Statistics: Num rows: 788865883 Data size: 360827596199 Basic stats: COMPLETE Column stats: NONE

Reduce Output Operator

key expressions: _col107 (type: string)

sort order: +

Map-reduce partition columns: _col107 (type: string)

Statistics: Num rows: 788865883 Data size: 360827596199 Basic stats: COMPLETE Column stats: NONE

value expressions: _col0 (type: bigint), _col1 (type: string), _col2 (type: string), _col3 (type: string), _col4 (type: string), _col22 (type: string), _col24 (type: string), _col30 (type: double), _col31 (type: double), _col32 (type: double), _col34 (type: double), _col44 (type: string), _col67 (type: double), _col68 (type: string), _col69 (type: double), _col72 (type: string), _col78 (type: double), _col83 (type: bigint), _col84 (type: string), _col103 (type: double), _col108 (type: string), _col109 (type: string), _col110 (type: int), _col111 (type: string), _col117 (type: double), _col118 (type: double), _col125 (type: string), _col126 (type: string), _col131 (type: bigint), _col133 (type: int), _col145 (type: string), _col146 (type: string)

Reducer 4

Reduce Operator Tree:

Merge Join Operator

condition map:

Left Outer Join0 to 1

keys:

0 _col107 (type: string)

1 email (type: string)

outputColumnNames: _col0, _col1, _col2, _col3, _col4, _col22, _col24, _col30, _col31, _col32, _col34, _col44, _col67, _col68, _col69, _col72, _col78, _col83, _col84, _col103, _col107, _col108, _col109, _col110, _col111, _col117, _col118, _col125, _col126, _col131, _col133, _col145, _col146, _col157

Statistics: Num rows: 867752490 Data size: 396910364421 Basic stats: COMPLETE Column stats: NONE

Map Join Operator

condition map:

Left Outer Join0 to 1

keys:

0 _col72 (type: string)

1 usr_union_logon_code (type: string)

outputColumnNames: _col0, _col1, _col2, _col3, _col4, _col22, _col24, _col30, _col31, _col32, _col34, _col44, _col67, _col68, _col69, _col72, _col78, _col83, _col84, _col103, _col107, _col108, _col109, _col110, _col111, _col117, _col118, _col125, _col126, _col131, _col133, _col145, _col146, _col157, _col163

input vertices:

1 Map 12

Statistics: Num rows: 954527759 Data size: 436601410326 Basic stats: COMPLETE Column stats: NONE

Filter Operator

predicate: ((_col84 >= '2015-05-04') or (length(_col131) > 0)) (type: boolean)

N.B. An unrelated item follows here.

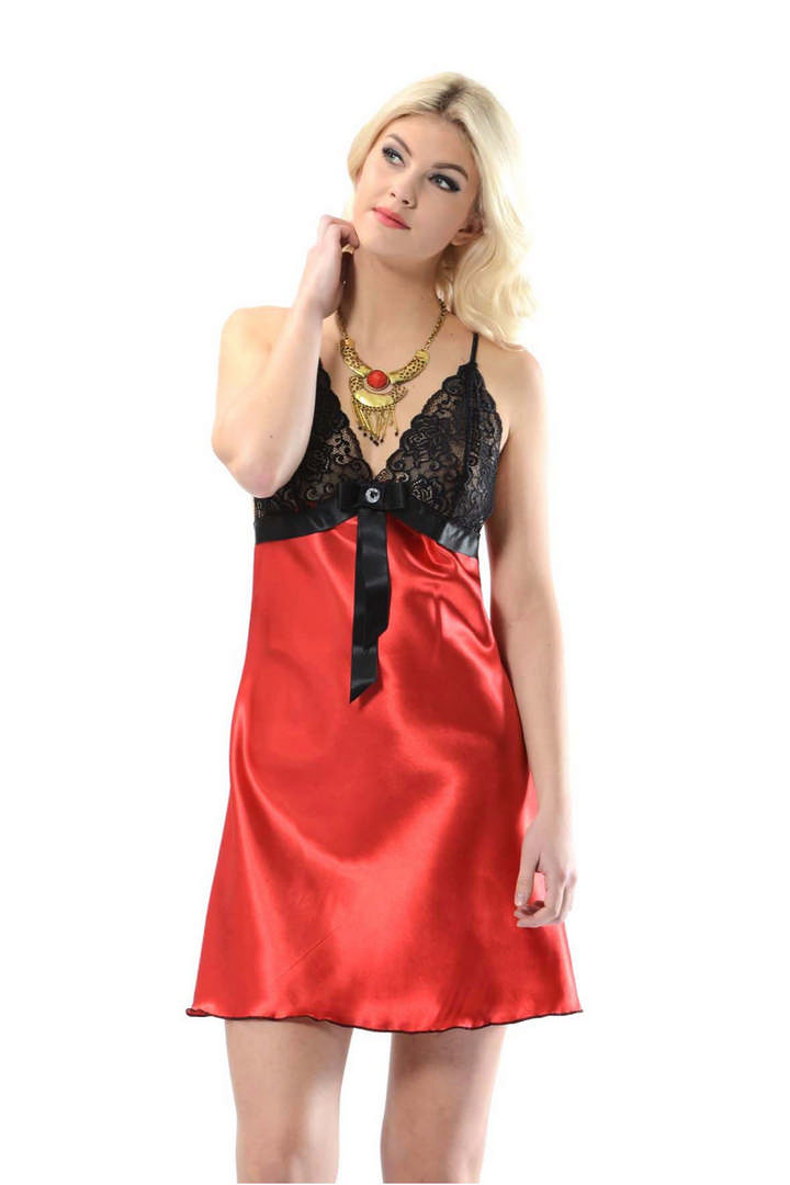 Kırmızı Dantelli Saten Gecelik – M-383 – Beden L/XL

Statistics: Num rows: 636351838 Data size: 291067606274 Basic stats: COMPLETE Column stats: NONE

Select Operator

expressions: _col0 (type: bigint), _col1 (type: string), _col3 (type: string), _col2 (type: string), _col4 (type: string), _col108 (type: string), _col109 (type: string), _col110 (type: int), _col107 (type: string), substr(_col107, instr(_col107'@'), (instr(_col107'.') - instr(_col107'@'))) (type: string), _col44 (type: string), _col22 (type: string), _col24 (type: string), _col30 (type: double), _col32 (type: double), _col31 (type: double), _col67 (type: double), _col68 (type: string), _col69 (type: double), _col111 (type: string), _col34 (type: double), _col83 (type: bigint), CASE WHEN ((_col78 = 1.0)) THEN (1) ELSE (0) END (type: int), CASE WHEN (_col110 is not null) THEN (1) ELSE (0) END (type: int), CASE WHEN ((_col1 like '%@sina%')) THEN (1) WHEN ((_col1 like '%@pingan%')) THEN (2) WHEN (((_col1 like '%@alipay%') and (not ((_col117) IN (1, 2) and (_col118 = 1.0))))) THEN (3) WHEN ((((_col1 like '%@alipay%') and (_col117) IN (1, 2)) and (_col118 = 1.0))) THEN (4) WHEN ((_col1 like '%@163%')) THEN (5) WHEN ((_col1 like '%@kaixin001%')) THEN (6) WHEN ((_col1 like '%@139%')) THEN (7) WHEN ((_col1 like '%@msn.com%')) THEN (8) WHEN ((_col1 like '%@anyue%')) THEN (9) WHEN ((_col1 like '%@qq%')) THEN (10) ELSE (0) END (type: int), CASE WHEN (((_col1 like '%@b2b%') or (_col1 = 'yuxiaolan'))) THEN (1) ELSE (0) END (type: int), CASE WHEN (_col145 is not null) THEN (1) ELSE (0) END (type: int), CASE WHEN (_col146 is not null) THEN (1) ELSE (0) END (type: int), CASE WHEN ((_col125 = '1')) THEN (1) ELSE (0) END (type: int), _col126 (type: string), _col157 (type: double), '' (type: string), '' (type: string), '' (type: string), '' (type: string), _col103 (type: double), CASE WHEN (_col72 is null) THEN (null) WHEN ((_col72 is not null and _col163 is null)) THEN (-999999) ELSE (_col163) END (type: bigint), _col72 (type: string), _col133 (type: int)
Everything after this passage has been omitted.